Gomez also recalled how “the atheist government of Mexico persecuted St. Rafael. How they violently forced him to shut down his seminary in Xalpa in 1921” and that it was “through their sacrifices and ministry they helped keep the faith alive in a very dark time.”

Archbishop Gomez said that the Church faces a different type of situation in our country now, which is no less dangerous. “[T]he faith is seriously threatened by our society’s growing indifference to spiritual values. Our culture no longer understands the values of the gospel. And that means it can’t understand the supreme gift of the priesthood. It’s sad to say, but in our culture it simply doesn’t make any sense that a bright and talented man would want to leave behind the promise of career and family to dedicate his life to Jesus Christ.”

In the midst of this culture, “Assumption Seminary is a sign of contradiction”. And a great sign of hope. We have 90 seminarians—33 from San Antonio alone,” said the archbishop. He continued, “[m]y brothers, you are a testimony to the working of the Holy Spirit in America in this new century!”

The archbishop drew inspiration from the late Pope John Paul II who said that “the Church in San Antonio has a very special calling that flows from our history as ‘crossroads’ and ‘a meeting of cultures, indigenous and immigrant’ from every part of the world.”

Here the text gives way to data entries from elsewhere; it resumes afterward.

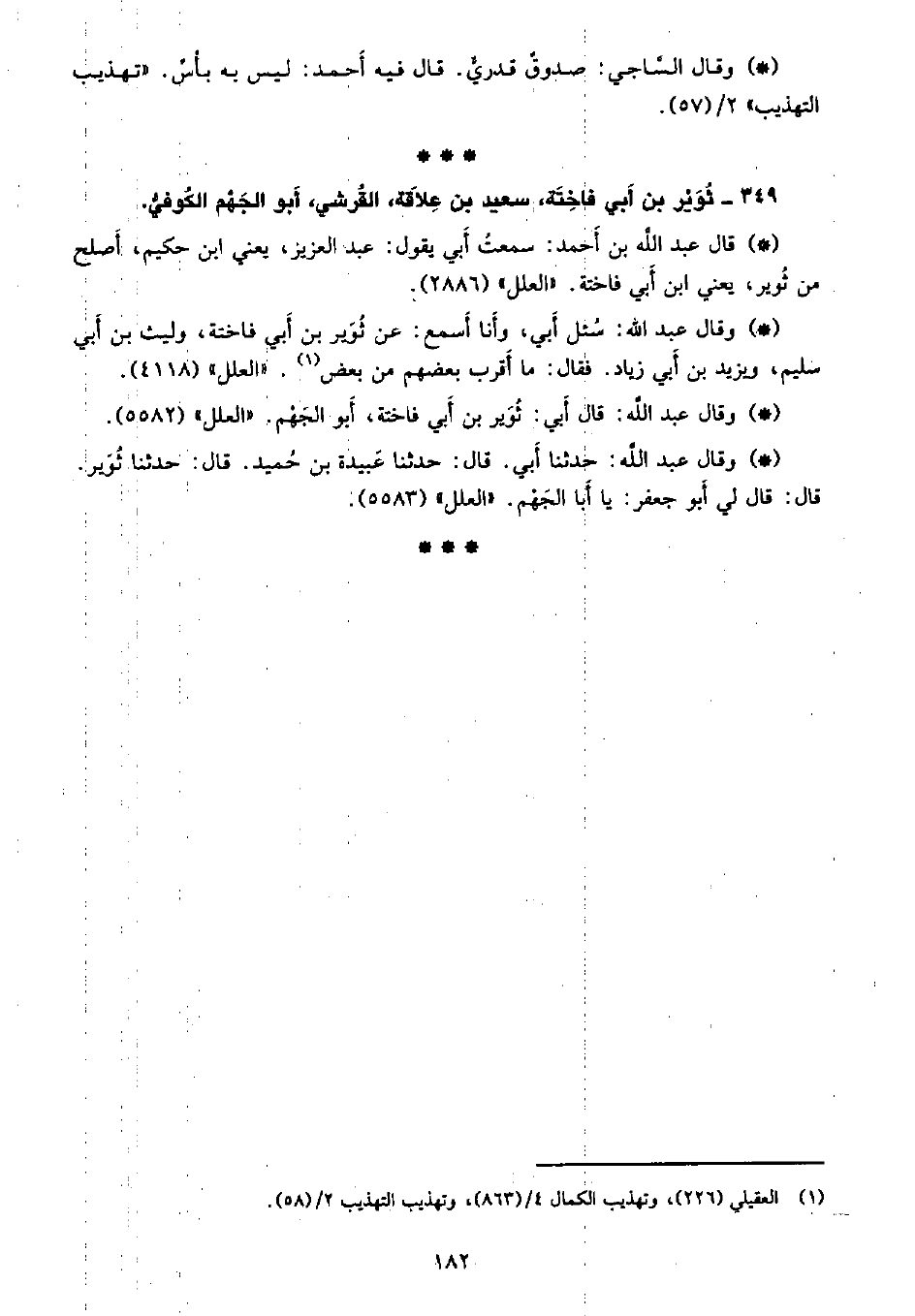 • وقال عبد الله: حدثنا أبي. قال: حدثنا عبيدة بن حميد. قال: حدثنا ثوير. قال: قال لي أبو جعفر: يا أبا الجهم. «العلل» (5583) .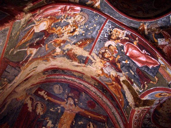 Ceiling of Cankli ("sandals") church, carved into tufa. Shows damage from non-Christians. Cappadocia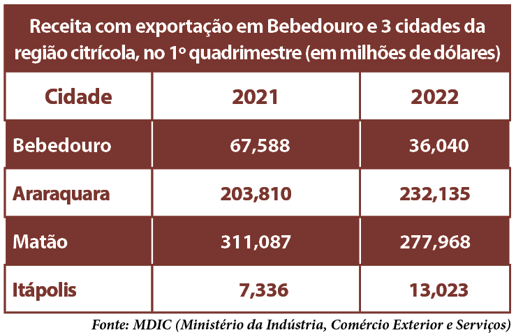 A Gazeta analisou o desempenho na exportação de Bebedouro e de mais três cidades citrícolas: Araraquara, Matão e Itápolis, no período entre janeiro e abril, comparando-os ao mesmo período de 2021, com base nos dados do MDIC (Ministério da Indústria, Comércio Exterior e Serviços).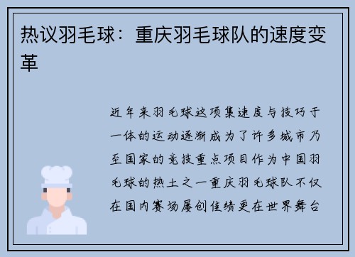 重庆乒乓球队的崛起:基础扎实与潜力无限 近年来,重庆乒乓球队逐渐成为全国乒坛不可忽视的力量。在这片充满火热体育氛围的城市中,乒乓球不仅仅是一项运动,更成为了文化的一部分。从青训系统到专业队伍,重庆不断优化资源配置,打造出一套具有地方特色又符合国际标准的培养体系。 重庆在青少年培养上投入巨大。众所周知,卓越的运动员来源于扎实的培养基础。重庆市体育局与多所本地知名体育学院合作,建立了高效的青少年训练营...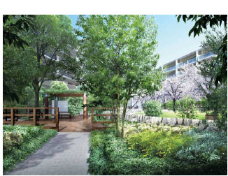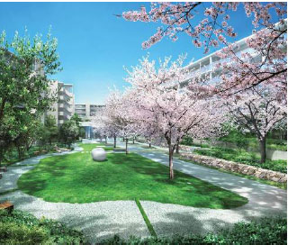 (1)高さ8mのシンボルツリー、(2)桜並木や芝生広場、(3)バルコニー(奥行き約2.5mの大型バルコニー、一部タイプ)。

“I’m proud to say that Assumption Seminary is a pioneer in preparing men to meet that special calling—to proclaim God’s mercy and reconciliation in a society that is both bilingual and multicultural. We are forming strong, prayerful, and virtuous men who have an intimate knowledge and friendship with Jesus Christ.”

As he closed his address, Archbishop Gomez offered a special word of thanks to God noting that August 15 is “very special to me because it is the anniversary of my ordination to the priesthood. I thank God Almighty and Our Lady of Guadalupe for the great privilege and joy of my vocation. And I thank you for sharing with me in this special celebration of the Eucharist.”